**Assignment**
In the records below, begin at the line containing "Жанровая сцена, Индия, Варанаси, Ганг, Гхат, люди" and end at the line containing "湖北日报讯 23日,黄梅龙感"; quote every line in that span exactly, including both boundary lines, and no others.

**Source data**
=== Section Start ===

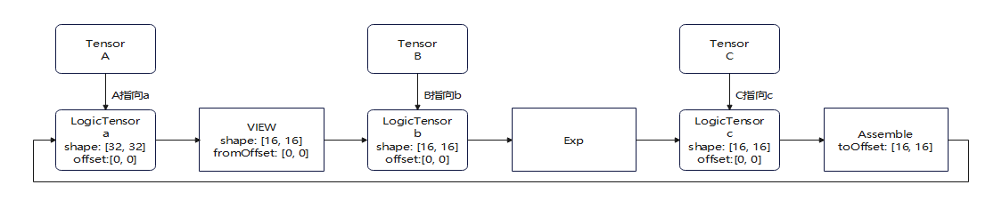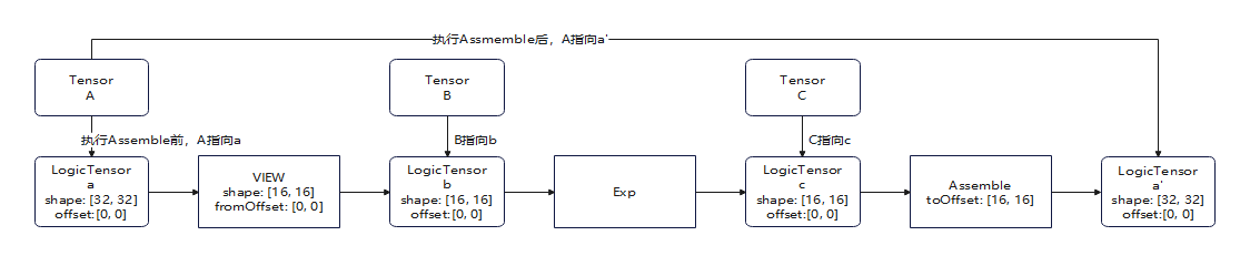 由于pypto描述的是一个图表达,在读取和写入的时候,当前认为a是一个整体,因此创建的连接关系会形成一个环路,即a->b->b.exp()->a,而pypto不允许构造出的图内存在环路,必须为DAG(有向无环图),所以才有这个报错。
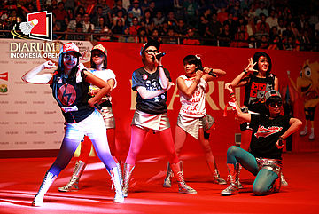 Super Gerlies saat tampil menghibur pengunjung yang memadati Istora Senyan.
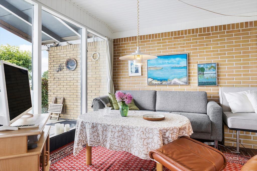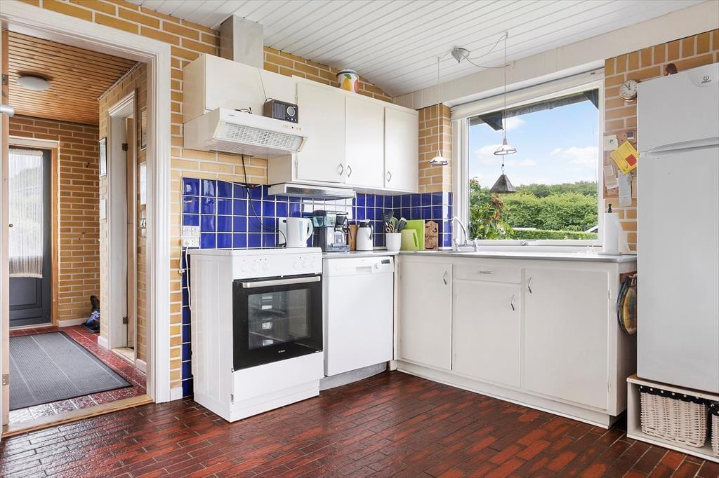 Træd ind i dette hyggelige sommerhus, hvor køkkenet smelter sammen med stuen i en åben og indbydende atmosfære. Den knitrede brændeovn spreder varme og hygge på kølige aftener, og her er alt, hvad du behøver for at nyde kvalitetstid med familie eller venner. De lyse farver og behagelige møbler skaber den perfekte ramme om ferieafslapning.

=== Section End ===
=== Section Start ===

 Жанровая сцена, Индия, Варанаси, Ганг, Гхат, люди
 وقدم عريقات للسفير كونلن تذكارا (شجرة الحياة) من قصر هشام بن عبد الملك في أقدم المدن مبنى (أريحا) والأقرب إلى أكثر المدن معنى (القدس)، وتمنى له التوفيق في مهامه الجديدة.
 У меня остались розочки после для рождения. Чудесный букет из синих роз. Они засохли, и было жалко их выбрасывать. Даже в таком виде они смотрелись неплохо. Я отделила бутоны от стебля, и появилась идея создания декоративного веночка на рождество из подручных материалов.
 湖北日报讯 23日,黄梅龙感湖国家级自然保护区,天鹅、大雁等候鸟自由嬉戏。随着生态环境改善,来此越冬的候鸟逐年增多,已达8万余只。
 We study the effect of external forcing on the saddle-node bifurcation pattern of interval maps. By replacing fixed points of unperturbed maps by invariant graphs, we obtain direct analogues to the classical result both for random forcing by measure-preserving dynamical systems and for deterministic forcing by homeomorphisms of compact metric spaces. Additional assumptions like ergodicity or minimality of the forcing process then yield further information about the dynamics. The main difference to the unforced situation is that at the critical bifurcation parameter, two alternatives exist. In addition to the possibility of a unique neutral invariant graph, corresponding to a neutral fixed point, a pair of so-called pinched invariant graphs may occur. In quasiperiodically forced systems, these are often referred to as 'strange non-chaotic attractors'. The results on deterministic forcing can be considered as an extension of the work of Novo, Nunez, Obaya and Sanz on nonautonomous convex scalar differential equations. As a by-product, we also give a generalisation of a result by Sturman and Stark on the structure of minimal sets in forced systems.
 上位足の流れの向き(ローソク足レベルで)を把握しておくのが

=== Section End ===
=== Section Start ===

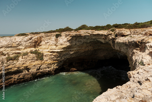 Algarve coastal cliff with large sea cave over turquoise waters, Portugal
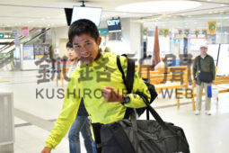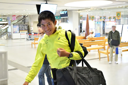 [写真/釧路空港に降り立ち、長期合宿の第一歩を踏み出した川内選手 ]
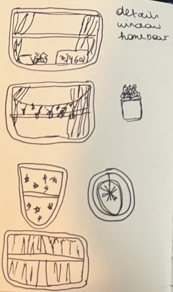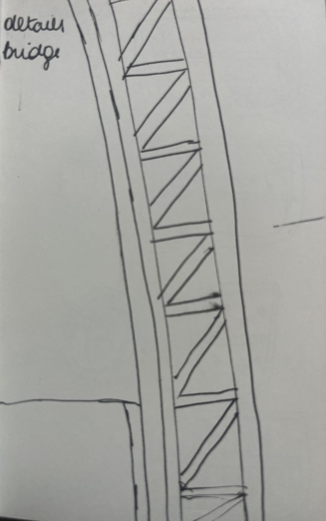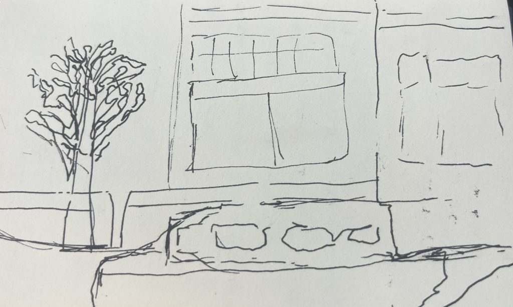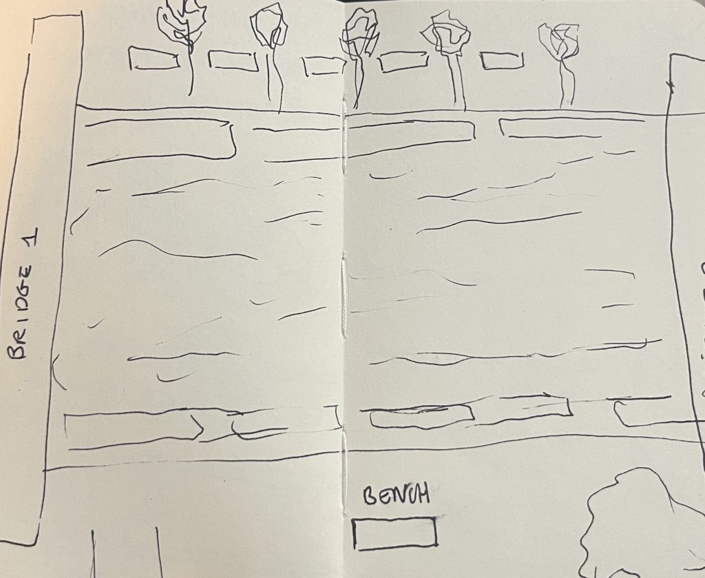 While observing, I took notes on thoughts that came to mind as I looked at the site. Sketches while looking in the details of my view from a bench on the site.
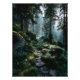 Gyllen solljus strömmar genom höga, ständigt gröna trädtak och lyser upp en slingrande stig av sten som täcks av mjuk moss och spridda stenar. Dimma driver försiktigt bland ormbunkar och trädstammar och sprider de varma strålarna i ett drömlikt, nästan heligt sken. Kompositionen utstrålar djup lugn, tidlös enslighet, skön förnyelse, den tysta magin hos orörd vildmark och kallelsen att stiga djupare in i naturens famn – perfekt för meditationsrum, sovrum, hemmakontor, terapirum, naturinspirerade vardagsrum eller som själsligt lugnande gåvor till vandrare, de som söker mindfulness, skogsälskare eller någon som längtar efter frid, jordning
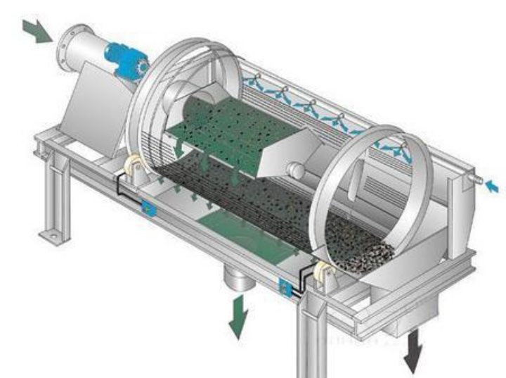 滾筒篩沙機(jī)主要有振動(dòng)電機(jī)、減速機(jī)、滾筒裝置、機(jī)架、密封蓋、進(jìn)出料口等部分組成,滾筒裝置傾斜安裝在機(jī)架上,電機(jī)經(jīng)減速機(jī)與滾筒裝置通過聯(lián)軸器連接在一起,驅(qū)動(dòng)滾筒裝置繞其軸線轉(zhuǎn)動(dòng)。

=== Section End ===

**Written answer**
 Жанровая сцена, Индия, Варанаси, Ганг, Гхат, люди
 وقدم عريقات للسفير كونلن تذكارا (شجرة الحياة) من قصر هشام بن عبد الملك في أقدم المدن مبنى (أريحا) والأقرب إلى أكثر المدن معنى (القدس)، وتمنى له التوفيق في مهامه الجديدة.
 У меня остались розочки после для рождения. Чудесный букет из синих роз. Они засохли, и было жалко их выбрасывать. Даже в таком виде они смотрелись неплохо. Я отделила бутоны от стебля, и появилась идея создания декоративного веночка на рождество из подручных материалов.
 湖北日报讯 23日,黄梅龙感湖国家级自然保护区,天鹅、大雁等候鸟自由嬉戏。随着生态环境改善,来此越冬的候鸟逐年增多,已达8万余只。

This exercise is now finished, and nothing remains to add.